Many businesses use MPLS networks to deliver applications, email, and other services to their users (usually in-house, but also to some customers). The initial and ongoing costs that MPLS networks demand are potentially very high, so businesses are always looking at ways to reduce these costs significantly. One way to do this is to look to the internet for a solution. This, however, brings a new dimension of security and performance issues.

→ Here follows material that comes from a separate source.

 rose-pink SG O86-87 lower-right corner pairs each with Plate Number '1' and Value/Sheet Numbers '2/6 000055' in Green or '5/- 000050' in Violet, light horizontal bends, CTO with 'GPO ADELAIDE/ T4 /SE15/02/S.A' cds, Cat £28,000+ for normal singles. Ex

It’s standard practice to have a resilient MPLS network from two different service providers, so there is a trend developing where businesses are using one MPLS network and utilising the internet as a backup for non-business-critical traffic. However, this still needs to perform at certain levels, so there are a few steps to take before this becomes a viable option.
When running side by side, it’s good practice to ensure you are satisfied with both the performance and security of the internet connected topology. Migrating apps over one by one is a good way to check this, rather than taking a big bang approach.
Ideally you should not rely on your end users to tell you if the new (internet) network is better or worse than the old (MPLS). By baselining the existing MPLS networks performance, this will give you an indication as to what to expect on the internet, so having a before and after comparison (FTP transfers are a good way to test this, or running VoIP and measuring jitter and delay) is a good way to compare the two options.
Internet performance and availability
Often, internet traffic is sent down the same physical lines as MPLS traffic and service providers will prioritise certain types of traffic. Premium internet and MPLS offerings will typically have priority over standard internet offerings.
Where possible, use the same network operator to deliver ALL the primary internet links from your internet-connected locations. This is important, as it reduces the number of interconnects your traffic has to pass through, thus decreasing bottlenecks, latency and additional hops.
Application visibility and traffic shaping
Most application and network monitoring solutions require either a plugin to monitor apps, or netflow/tap processes to monitor the traffic details/flow. Unfortunately this is not available on the internet, due to the fact that service providers will not support this type of intrusive configuration for businesses to manipulate. It is important to keep in mind the fact that by using the internet, you lose some visibility of your apps and performance data, and maintaining SLAs can be extremely difficult.
Some premium internet offerings will allow users to shape traffic at the edge; however some ISPs strip the type of service headers from packets en route which can render this service pretty much useless.
All traffic that traverses the internet should be highly-encrypted to mitigate man-in-the-middle attacks (where criminals tap into the data flow and steal valuable information) the other issues we see with the hybrid networks is that on traditional MPLS networks, it’s pretty much an ethernet connection between offices using dark fibre or dedicated bandwidth, which businesses trust. When using an internet circuit, consideration has to be made to put the circuits demarcation into a DMZ, that is firewalled off (both network and application types) and often with intrusion detection equipment, as the internet is looked at as being totally untrusted.
Migrating from MPLS to Internet can save you a lot of money and should be considered by businesses when reviewing network design. Frequently Network performance increases, because well-managed Internet connections can outperform poorly-managed MPLS networks.